=== Work task ===
Copy out the data in full and exactly, passing over the pictures.

=== Data for review ===
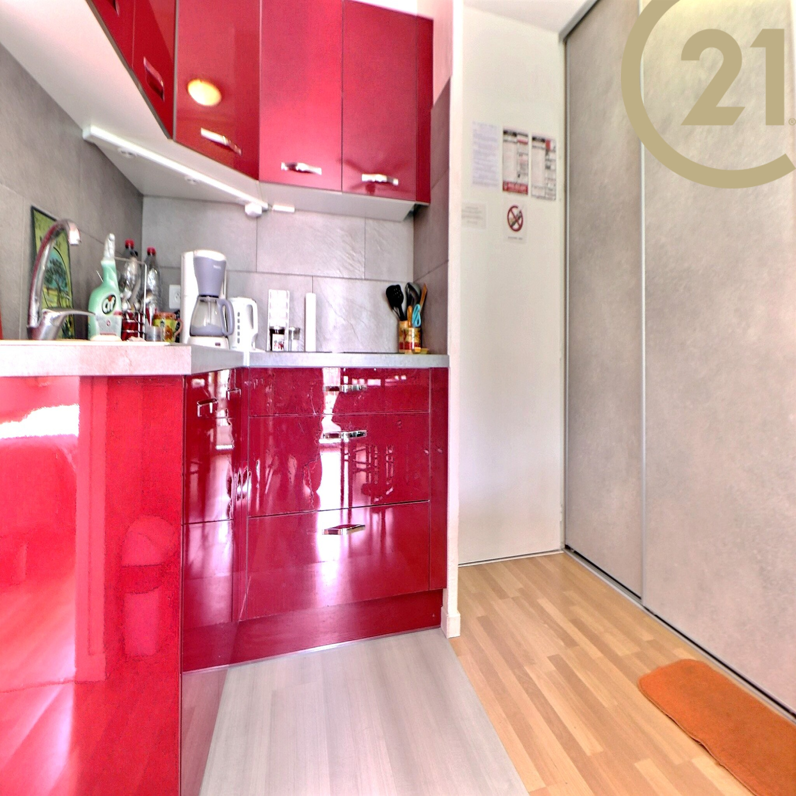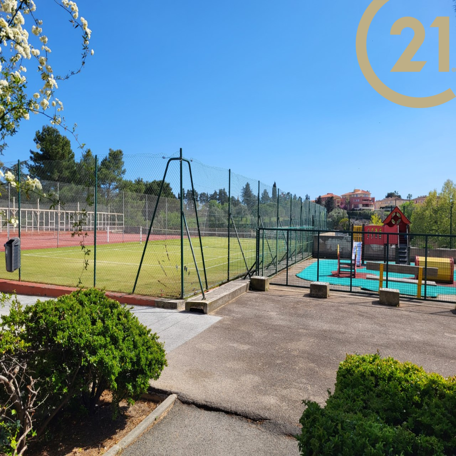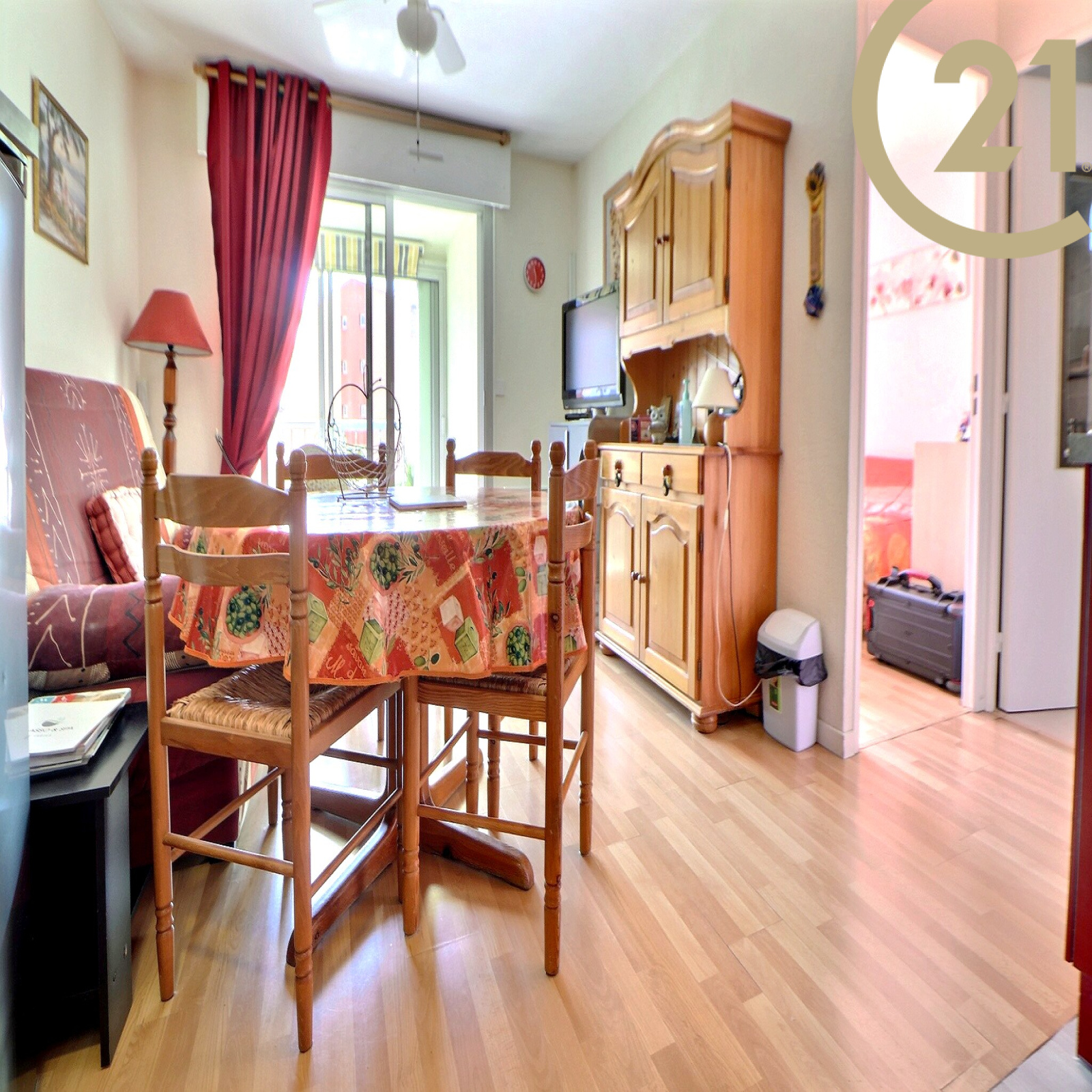 FREJUS, dans une résidence arborée avec piscine, parc et terrain de tennis, appartement de 2 pièces de 28 m² composé : d'une entrée donnant sur un séjour, d'une cuisine ouverte, d'une salle d'eau neuve, d'une chambre et d'un WC indépendant.
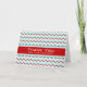 Felicita a sus empleados por su aniversario con su empresa con esta elegante y contemporánea tarjeta de aniversario de empleo feliz en un divertido patrón de chevron azul turquesa, rojo y blanco zigzag
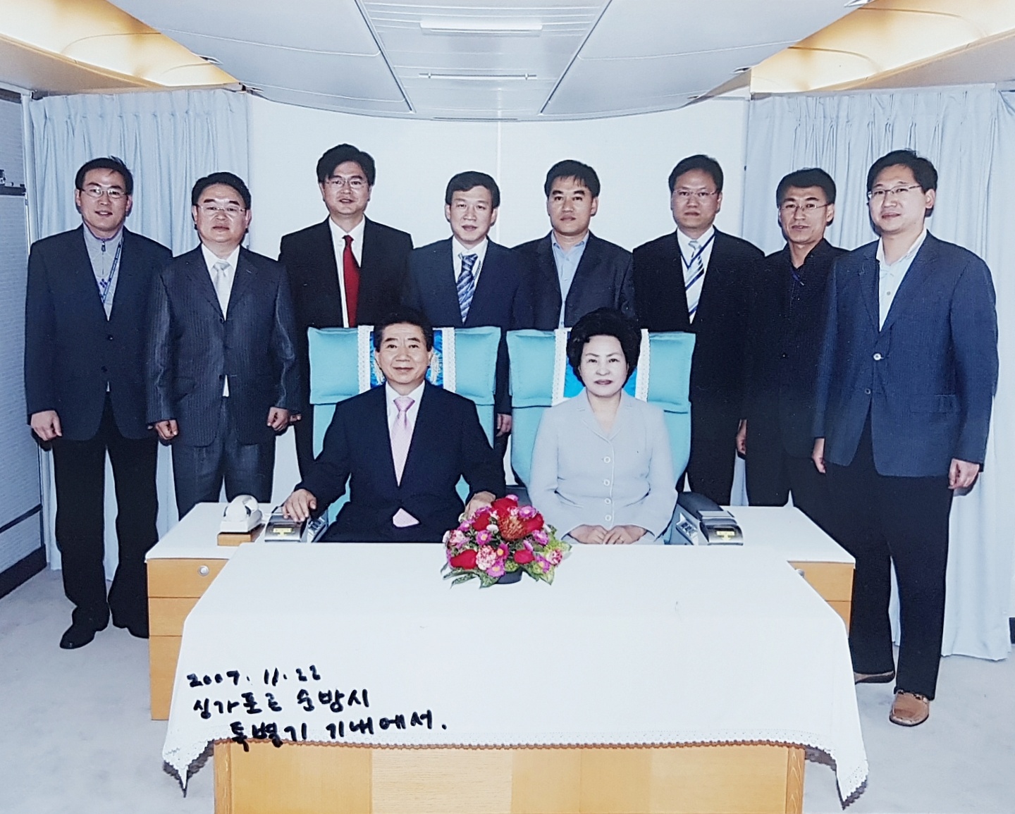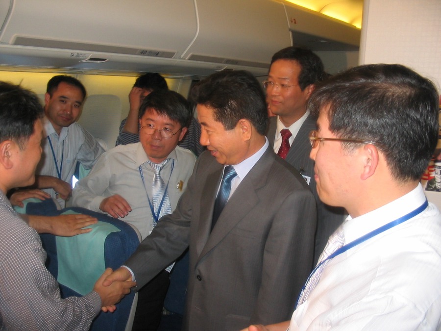 노 대통령은 종종 순방국으로 향하는 전용기 안에서 청와대 출입기자들과 인사를 나누곤 했다. 노 대통령과 악수하고 있는 필자.
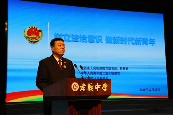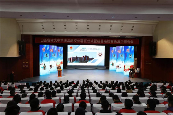 接过聘书,戴上校徽,杨景海检察长正式成为了孝义中学的一员。在向孝义中学赠送书籍后,杨检开讲了以“树立法治意识、做新时代新青年”为题的第一堂法治课。
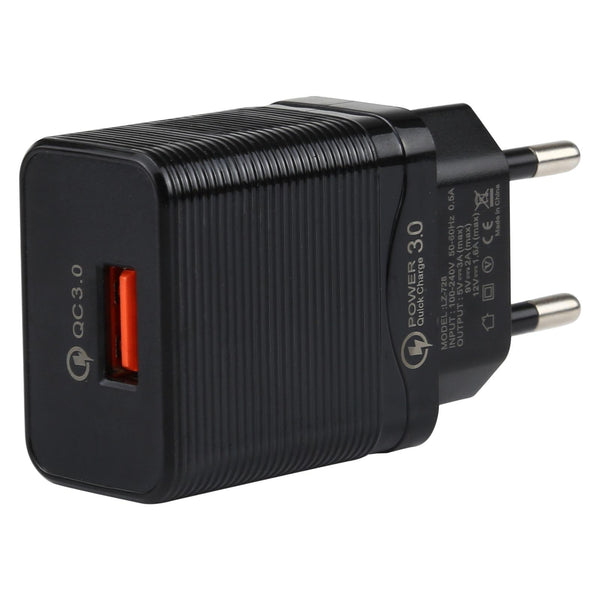 LZ-728 2 in 1 18W QC 3.0 USB Interface Travel Charger + USB to 8 Pin Data Cable Set, EU Plug, Cable Length: 1m(Black)
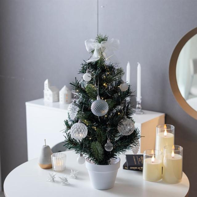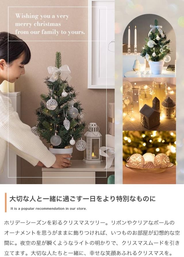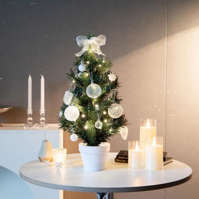 コンパクトでも華やかさ抜群!クリアオーナメントとLEDライトで、お部屋が一瞬でクリスマスムードに。きらめくツリーで特別な夜を演出しましょう。
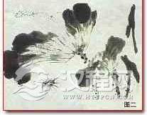 荷叶较大。如用的笔较小,不能一次完成,画时要用较浓的墨先画荷叶外部,再以较淡的墨接画荷叶里部。这种方法可用墨,也可用色。如能用较大的笔,也可一次完成。荷叶可勾叶筋,也可不勾。或只提勾主叶脉,也可略勾些小叶筋,视画面需要而定(见图二)。
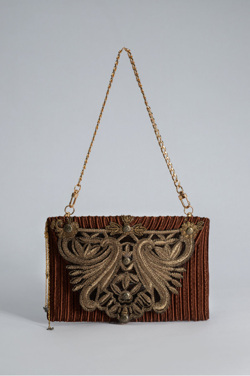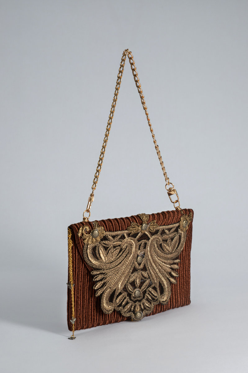 Borsetta realizzata con cucitura sartoriale e stoffa in filati di seta, che dona al colore marrone un raffinato effetto cangiante. Decorata a mano con un merletto riciclato in edizione limitata, oggi non più reperibile, lo stesso utilizzato per il Baciamano Casanova, con cui può essere abbinata.
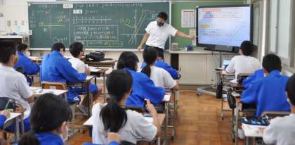 生徒たちは電子黒板を見ながら、グラフのかき方について積極的に学んでいます。
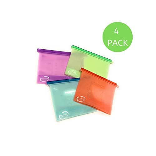 Estremamente facile da pulire e conservare: sacchetti riutilizzabili in silicone per alimenti, adatti a microonde, freezer e lavastoviglie. Per lavarli è sufficiente girarli al rovescio. Sacchetti con chiusura a zip riutilizzabili, di alta qualità.
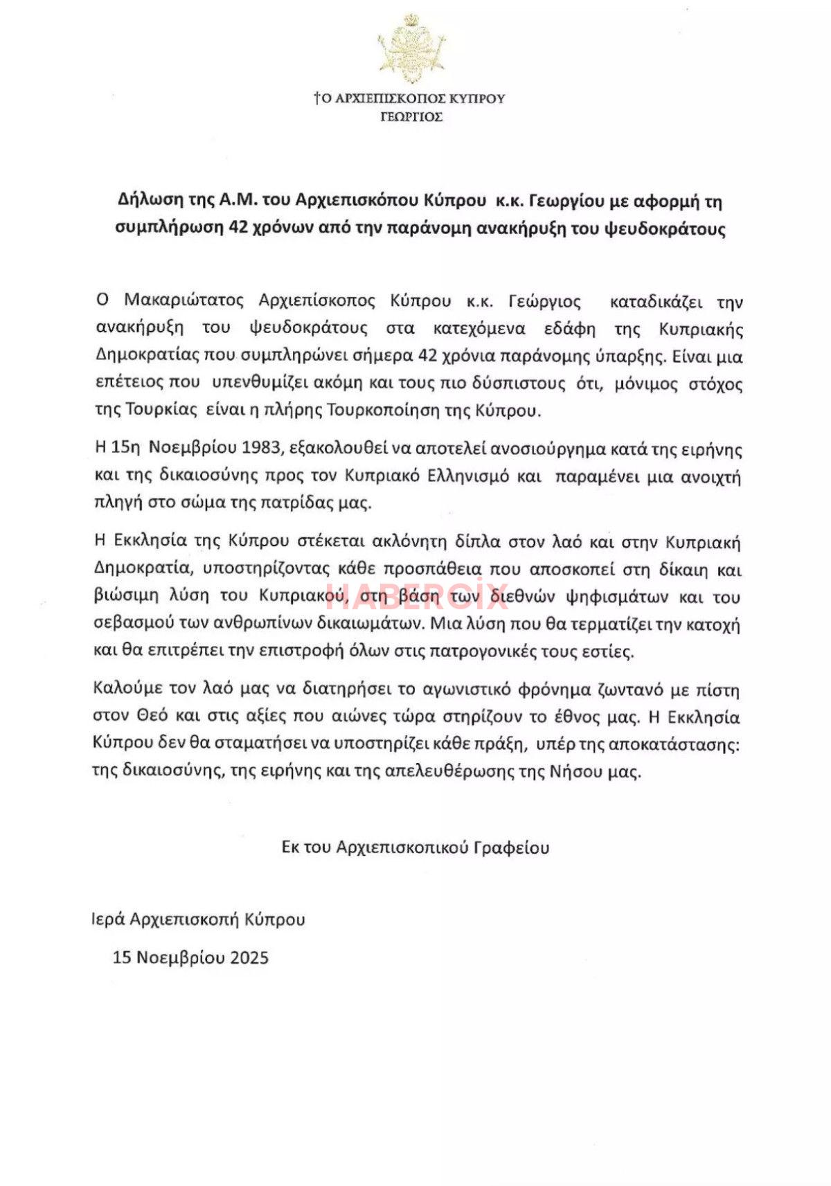Başpiskopos Georgios, “15 Kasım 1983, Kıbrıs Helenizm’ine karşı barışa ve adalete yönelik bir hakaret olmaya devam etmekte ve vatanımızın bedeninde açık bir yara olarak kalmaktadır.” dedi.
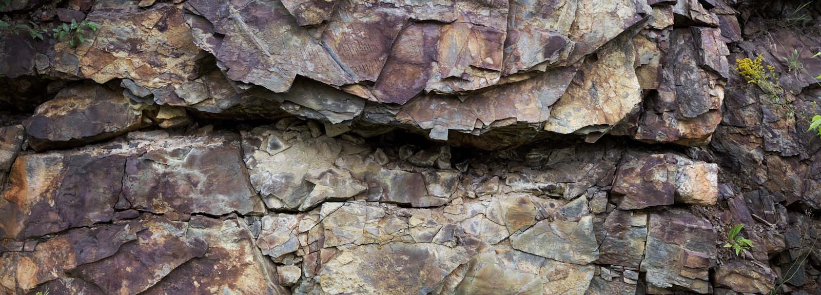 As you drive through Northern Ontario, the Canadian Shield is clearly visible. The building of the highways has revealed some of the planet’s oldest rock formations, bearing the marks of human labour and the impact of dynamite blasting. These rocks carry information ranging from the billions of years of their formation to the annual cycle of plant life clinging to them and even bear the spontaneous human impact of sprayed on graffiti.
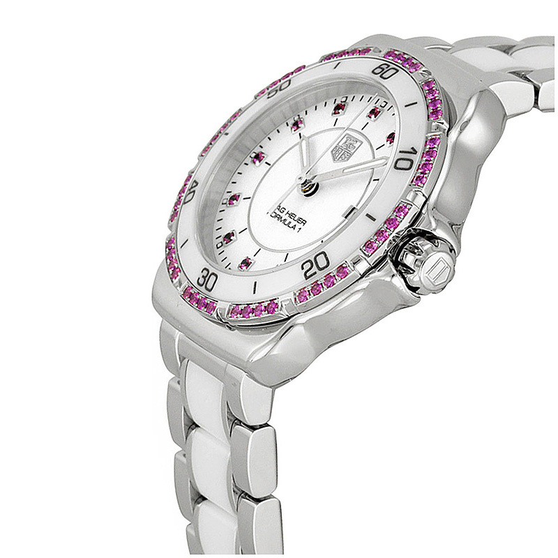 Корпус: Корпус из нержавеющей стали. Полированный неподвижный безель из стали и белой керамики с выгравированной минутной шкалой. Устойчивое к царапинам сапфировое стекло. Белый циферблат. 48 розовых сапфиров на безеле, 12 розовых сапфиров на циферблате. Диаметр 32 мм. Водостойкость 200 м.
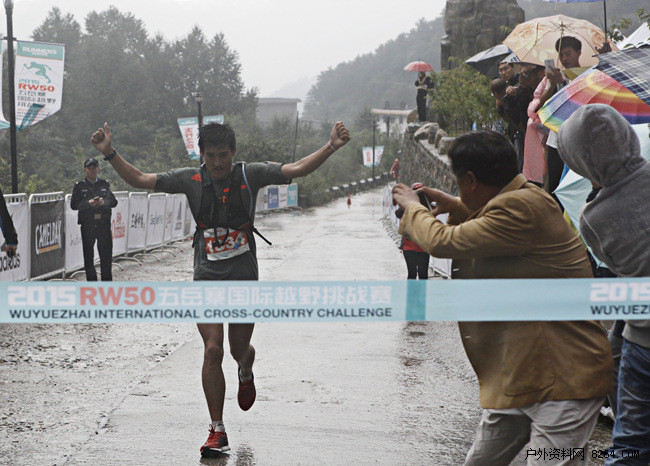 细雨如织,太行决战。9月4日,由河北体育局和体坛传媒集团联合主办、中共灵寿县委、灵寿县人民政府承办的2015RW50五岳寨国际越野挑战赛,在河北省灵寿县五岳寨风景区鸣枪开跑。经过5个多小时的激烈争夺,阿迪达斯菁英跑团成员李少壮雨中冲线以5小时16分36秒获得男子组冠军,同属阿迪达斯菁英跑团樊凤娟以6小时15分44秒夺得女子组冠军。赛后,第一个冲过终点线的李少壮表示:“下雨让赛道难度大了很多,但是今天这一路跑过来,感觉比晴天没什么难度的时候更爽!”
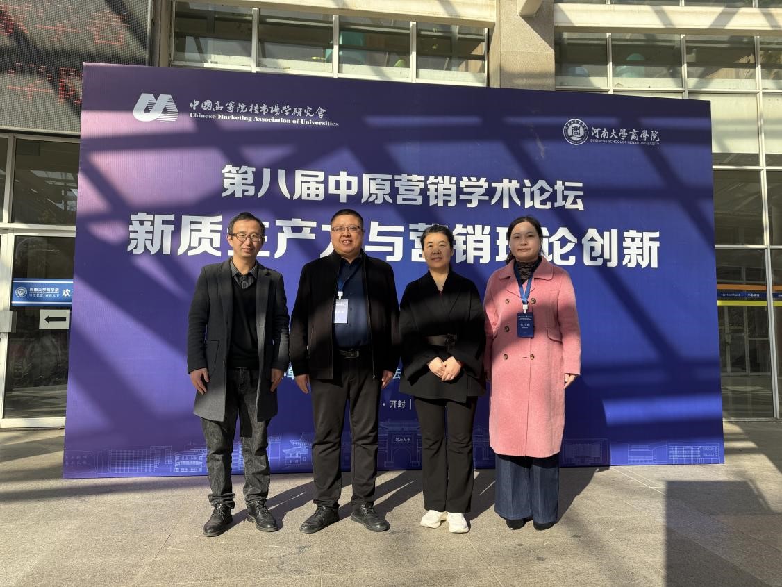 为提高beat365工商管理省级重点学科和市场营销专业建设质量,提升专业教师的科研水平和教学能力,11月30日至12月1日,我院选派张卫丽副院长、张玲燕教研室主任、骨干教师杨松柏和苗瑞洲一行四人参加第八届中原营销国际学术论坛年会。本次国际学术论坛由中国高等院校市场学研究会主办,河南大学商学院承办、河南财经政法大学工商管理学院协办,会议以“新质生产力与营销理论创新”为主题。

=== Output of the task ===
 FREJUS, dans une résidence arborée avec piscine, parc et terrain de tennis, appartement de 2 pièces de 28 m² composé : d'une entrée donnant sur un séjour, d'une cuisine ouverte, d'une salle d'eau neuve, d'une chambre et d'un WC indépendant.
 Felicita a sus empleados por su aniversario con su empresa con esta elegante y contemporánea tarjeta de aniversario de empleo feliz en un divertido patrón de chevron azul turquesa, rojo y blanco zigzag
 노 대통령은 종종 순방국으로 향하는 전용기 안에서 청와대 출입기자들과 인사를 나누곤 했다. 노 대통령과 악수하고 있는 필자.
 接过聘书,戴上校徽,杨景海检察长正式成为了孝义中学的一员。在向孝义中学赠送书籍后,杨检开讲了以“树立法治意识、做新时代新青年”为题的第一堂法治课。
 LZ-728 2 in 1 18W QC 3.0 USB Interface Travel Charger + USB to 8 Pin Data Cable Set, EU Plug, Cable Length: 1m(Black)
 コンパクトでも華やかさ抜群!クリアオーナメントとLEDライトで、お部屋が一瞬でクリスマスムードに。きらめくツリーで特別な夜を演出しましょう。
 荷叶较大。如用的笔较小,不能一次完成,画时要用较浓的墨先画荷叶外部,再以较淡的墨接画荷叶里部。这种方法可用墨,也可用色。如能用较大的笔,也可一次完成。荷叶可勾叶筋,也可不勾。或只提勾主叶脉,也可略勾些小叶筋,视画面需要而定(见图二)。
 Borsetta realizzata con cucitura sartoriale e stoffa in filati di seta, che dona al colore marrone un raffinato effetto cangiante. Decorata a mano con un merletto riciclato in edizione limitata, oggi non più reperibile, lo stesso utilizzato per il Baciamano Casanova, con cui può essere abbinata.
 生徒たちは電子黒板を見ながら、グラフのかき方について積極的に学んでいます。
 Estremamente facile da pulire e conservare: sacchetti riutilizzabili in silicone per alimenti, adatti a microonde, freezer e lavastoviglie. Per lavarli è sufficiente girarli al rovescio. Sacchetti con chiusura a zip riutilizzabili, di alta qualità.
Başpiskopos Georgios, “15 Kasım 1983, Kıbrıs Helenizm’ine karşı barışa ve adalete yönelik bir hakaret olmaya devam etmekte ve vatanımızın bedeninde açık bir yara olarak kalmaktadır.” dedi.
 As you drive through Northern Ontario, the Canadian Shield is clearly visible. The building of the highways has revealed some of the planet’s oldest rock formations, bearing the marks of human labour and the impact of dynamite blasting. These rocks carry information ranging from the billions of years of their formation to the annual cycle of plant life clinging to them and even bear the spontaneous human impact of sprayed on graffiti.
 Корпус: Корпус из нержавеющей стали. Полированный неподвижный безель из стали и белой керамики с выгравированной минутной шкалой. Устойчивое к царапинам сапфировое стекло. Белый циферблат. 48 розовых сапфиров на безеле, 12 розовых сапфиров на циферблате. Диаметр 32 мм. Водостойкость 200 м.
 细雨如织,太行决战。9月4日,由河北体育局和体坛传媒集团联合主办、中共灵寿县委、灵寿县人民政府承办的2015RW50五岳寨国际越野挑战赛,在河北省灵寿县五岳寨风景区鸣枪开跑。经过5个多小时的激烈争夺,阿迪达斯菁英跑团成员李少壮雨中冲线以5小时16分36秒获得男子组冠军,同属阿迪达斯菁英跑团樊凤娟以6小时15分44秒夺得女子组冠军。赛后,第一个冲过终点线的李少壮表示:“下雨让赛道难度大了很多,但是今天这一路跑过来,感觉比晴天没什么难度的时候更爽!”
 为提高beat365工商管理省级重点学科和市场营销专业建设质量,提升专业教师的科研水平和教学能力,11月30日至12月1日,我院选派张卫丽副院长、张玲燕教研室主任、骨干教师杨松柏和苗瑞洲一行四人参加第八届中原营销国际学术论坛年会。本次国际学术论坛由中国高等院校市场学研究会主办,河南大学商学院承办、河南财经政法大学工商管理学院协办,会议以“新质生产力与营销理论创新”为主题。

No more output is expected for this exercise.